Tuesday, November 07, 2017

St Enoch Shopping Centre and Tax Cheating

Private equity firm Blackstone avoided tens of millions of pounds in UK taxes on property deals in Glasgow, the Paradise Papers show.
The documents reveal it used offshore companies to purchase and operate the St Enoch Shopping Centre in Glasgow (and Chiswick Business Park in London.)
The papers show how accountancy firms mapped out strategies to minimise or avoid every significant tax.
In 2013, the private equity giant also bought the St Enoch Centre in Glasgow, a large city centre shopping complex housing almost 100 stores, for about £190m.
Documents show it would have avoided stamp duty of £7.6m and corporate tax on up to £10m annual rental income. St Enoch Centre, which Blackstone still owns, (and Chiswick Park) were already held in property trusts known as JPUTs, in the tax haven of Jersey, when it bought them. This allowed the firm to purchase the properties without paying millions of pounds in UK stamp duty.

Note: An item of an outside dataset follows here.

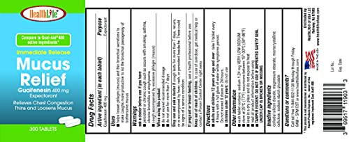 - ✅ FAST ACTING: HealthLife Guaifenesin is a fast-acting expectorant helps loosen and thin mucus. Take 1 tablet every 4 hours with water.
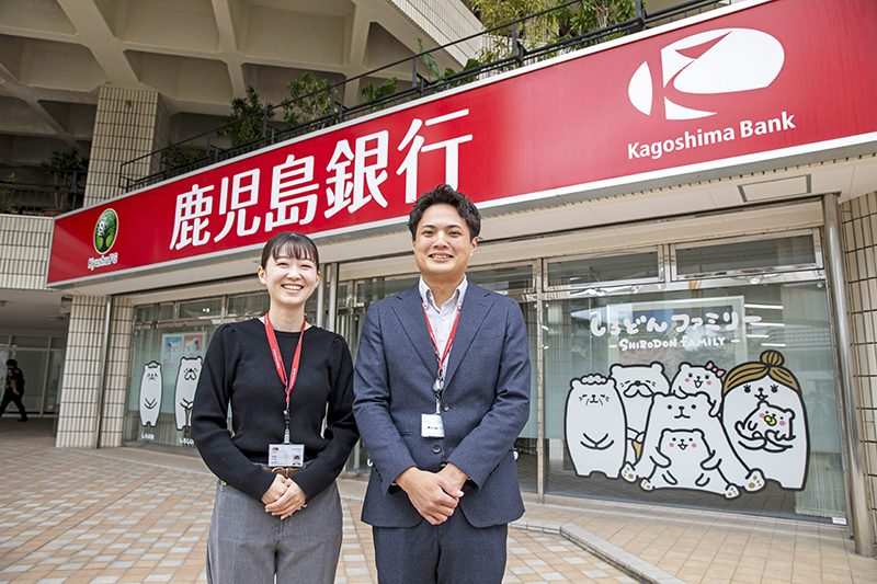 鹿児島銀行新都心支店の久保優香さん(26)と沖縄支店の東郷開斗さん(25)。「今秋に取り扱いを開始した連生団信や土日を含む柔軟な相談体制など、沖縄のお客さまにより選んでいただきやすい住宅ローンを目指しています。まずは気軽にご相談ください」と話す。

George Turner, from the Tax Justice Network, told the BBC: "What they are doing is buying into the trust so when the original owners sold the property to Blackstone, then they weren't selling the property itself. "They were selling an interest in the trust that owns the property and because that trust is owned offshore, they can avoid stamp duty." George Turner, from the Tax Justice Network, said: "The language really is quite shocking in places because it's so clear and blatant what the intention is. What you have here is a whole myriad of companies being set up, mostly in Luxembourg but also you have this trust structure in Jersey, and it seems to be to all intents and purposes an economic fiction."
Under the tax structure revealed in the leaked documents, the Jersey trusts were owned and funded by a series of companies that Blackstone registered in Luxembourg. Money for the purchase of the properties was filtered through the Luxembourg companies from central Blackstone funds in the form of inter-company loans. The interest payments on these loans, which were effectively passed from one Blackstone company to another, could be written off against the profits of the rental income, meaning that minimal tax was paid in Luxembourg.

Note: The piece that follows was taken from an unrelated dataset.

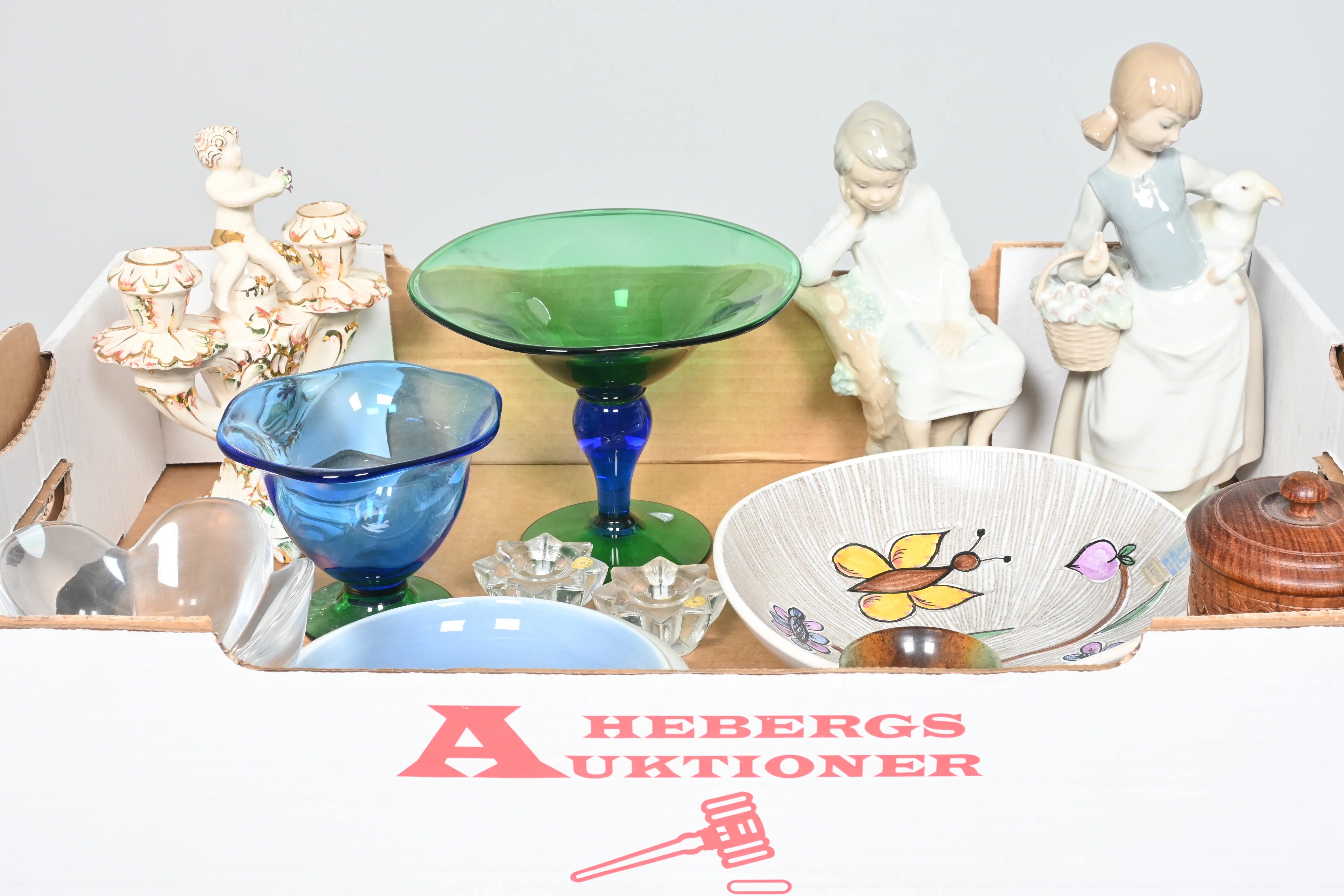 Visning: Torsdag 22/1 Kl 16-19 Lördag 24/1 11-14. Utlämning Söndag 25/1 13:00 till 19:30 Måndag 26/1 8-12 och 14-18 Tisdag 27/1 8-12 och 14-16____________________________________________________________________________________________________________________________________________________________________________________________________________- Lägsta möjliga bud är 100 kr. På alla klubbade priser tillkommer Köparprovision 10% och slagavgift på 40 kr per objekt (inklusive moms). Vissa konstföremål kan vara belagda med konstnärsavgift, s.k. Droit de Suite eller följerätt. Betalning och avhämtning av inropade objekt måste ske söndag eller måndagen efter auktionen. Magasineringsavgift kan tillkomma på föremål som inte avhämtas inom angiven tid. Föremål som är betalda och inte hämtade inom två månader skänkes till Lions eller säljes, överskottet efter lagringskostnad skänks till välgörande ändamål. Föremål som säljs på auktion är begagnade och säljs i befintligt skick. Det ankommer på köparen att undersöka föremålen och förvissa sig om skicket. Betalning Du kan betala med kort på "Mina Sidor" via din internetbank, eller med Swish, ange alltid kundnummer. Objektsbeskrivning Objektens beskrivning återspeglar Hebergs Auktioner uppfattning om objekten. Hebergs Auktioner ansvarar inte för skador som förbigåtts vid besiktningen. Hebergs Auktioner ansvarar inte för eventuella felaktigheter i katalogtexten. Bilder i katalogen är till för identifierings- syfte och återspeglar inte nödvändigtvis objektens kondition. Ändringar i katalogtext kan förekomma efter att katalogen tryckts/publicerats. Sent inkomna ändringar meddelas muntligen vid försäljningstillfället. Ur och tekniska föremål säljs som samlarföremål och Hebergs Auktioner kan inte garantera att de är i fungerande skick. Köparens undersökningsplikt gäller. Om Hebergs Auktioner efter begäran från köparen har lämnat en konditionsrapport om ett föremåls kondition skall uppgifterna endast behandlas som vägledning för köparen och befriar inte köparen från dennes undersökningsplikt. Lagen om 14 dagars ångerrätt vid auktionsköp gäller inte här där du har möjlighet att lämna bud på plats. Det framgår av distans- och hemförsäljningslagen ___________________________________________________________________________________________________________________________________________________________________________________________________________________________ Vi kan skicka mindre föremål som inte är ömtåliga med postnord det är postnords prislista över disk som gäller plus moms. Vi skickar inga möbler, tavlor, porslinsföremål, glasföremål m.m

The central purpose of which was to avoid:
  • Stamp Duty - by holding the property in an offshore trust in Jersey, and maintain them as collective investment schemes
  • Income Tax - on the rental income, by funding the acquisition through a series of inter-company loans and Profit Participating Loans (PPLs), the interest payments on which can be used to write off against profits
  • Capital Gains Tax - on disposal, thanks again to the Jersey trust

Profit from rental income at the St Enoch Centre had normally been about £10m a year. The structure allowed Blackstone to turn that into tax free income, by writing it off against interest charges generated from the loans its companies had made to each other.
In some years, just a few thousand pounds appears to have been paid by the Blackstone Luxembourg companies owning St Enoch and Chiswick.
Mr Turner said: "What appears to be happening is that the rental income which is coming in, the companies receiving that are then borrowing huge amounts of money from other companies which are part of the Blackstone Group. Now when they borrow that money, they need to pay interest on it and those interest payments destroy any profitability in those companies. They're borrowing money from themselves and they can claim a tax deduction on that."